Он не спрашивал, не любопытствовал; он просто исполнял, потому что такова была природа службы.
Теперь же, когда голландские мушкетёры открыли огонь из-за баррикады, а воздух стал густым и горьким, д’Артаньян вдруг ощутил, как та дорога была не мостом к славе, а коридором, где его собственное «я» постепенно растворялось в безличном «надо». Он никогда не видел центра; он всегда был рядом с ним, но не внутри. Он носил ключи от дверей, за которыми решались судьбы, но сам оставался в прихожей.
Герцог Монмутский снова обернулся, лицо его пылало азартом, и в этот миг д’Артаньян увидел в нём себя прежнего - того юного гасконца, который когда-то верил, что прямота и отвага сами по себе открывают путь к вершинам. Воспоминание о гарнизонной жизни в Лилле, где он, уже зрелый капитан-лейтенант, командовал мушкетёрами, нахлынуло с новой силой. Там, в сырых казармах, среди молодых дворян, жаждущих подвигов и дуэлей, он учил их тому, чему когда-то учился сам: не рассуждать, а действовать. Там он принимал решения, которые теперь, в ретроспекции, казались ему не просто военными, а чем-то большим - отсечением всего, что мешало порядку.
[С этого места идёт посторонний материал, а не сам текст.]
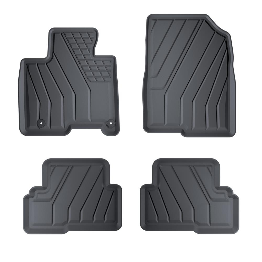 - Die Teppiche haben moderne Muster und mattes Finish. Jedes Set ist für das jeweilige Modell und Generation des Fahrzeugs bestimmt, was 100% Anpassung an den Fußboden des Autos garantiert. Im Set befinden sich auch Befestigungsclips, falls sie im jeweiligen Fahrzeugmodell vorgesehen sind.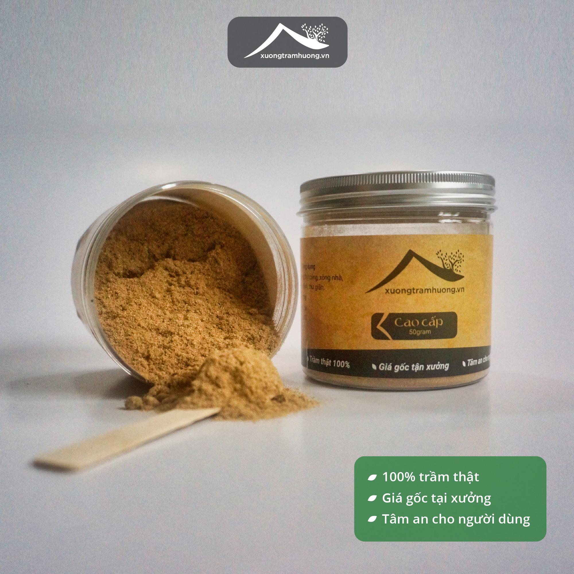 Các sản phẩm bột trầm hương mang lại trải nghiệm trầm nguyên bản, thuần mộc tốt nhất cho người dùng từng trải nghiệm qua các sản phẩm trầm khác (nhang, nụ). Bột trầm hương cao cấp của xưởng được làm từ vụn xỉa/ miếng từ cây dó 7-15 năm tuổi (trầm tốc) đem nghiền thành bột mịn, lượng tinh dầu vừa phải cho hương thơm dịu, nhẹ, khói ít, dùng xông đốt thông dụng trong gia đình hay dịp cúng bái giỗ chạp, khai trương nhà xưởng, xí nghiệp, văn phòng.

Один из старых сержантов, седой ветеран с лицом, изборождённым шрамами от осад, однажды за кружкой вина в таверне сказал ему: «Вы, монсеньор, слишком прямо идёте по жизни. Это и делает вас незаменимым… и страшным». Д’Артаньян тогда лишь рассмеялся, решив, что это обычная зависть неудачника; теперь же, под градом пуль, он почти понимал, что имел в виду сержант: его прямота была именно тем качеством, которое делало его идеальным инструментом. Не нужно было ломать, уговаривать или подкупать. Достаточно было направить - и он шёл, честно, безупречно, считая, что служит не прихоти, а высшей необходимости государства.
Бой разгорался; баррикада голландцев была уже близко, и д’Артаньян почувствовал, как сердце, привыкшее к таким мгновениям, бьётся ровно, без лишней дрожи. Он видел, как падают молодые англичане - один из сыновей лорда Рокингема, капитан Ватсон, - и в их падении снова мелькнуло отражение его собственной юности: те первые осады, где он сам шёл впереди, не думая о цене. Но теперь, в этот последний миг, когда выстрел раздался внезапно, как всегда бывает в настоящей войне - без предупреждения, без театральности, - пуля вошла точно в голову, и мир качнулся, точно палуба корабля в шторм.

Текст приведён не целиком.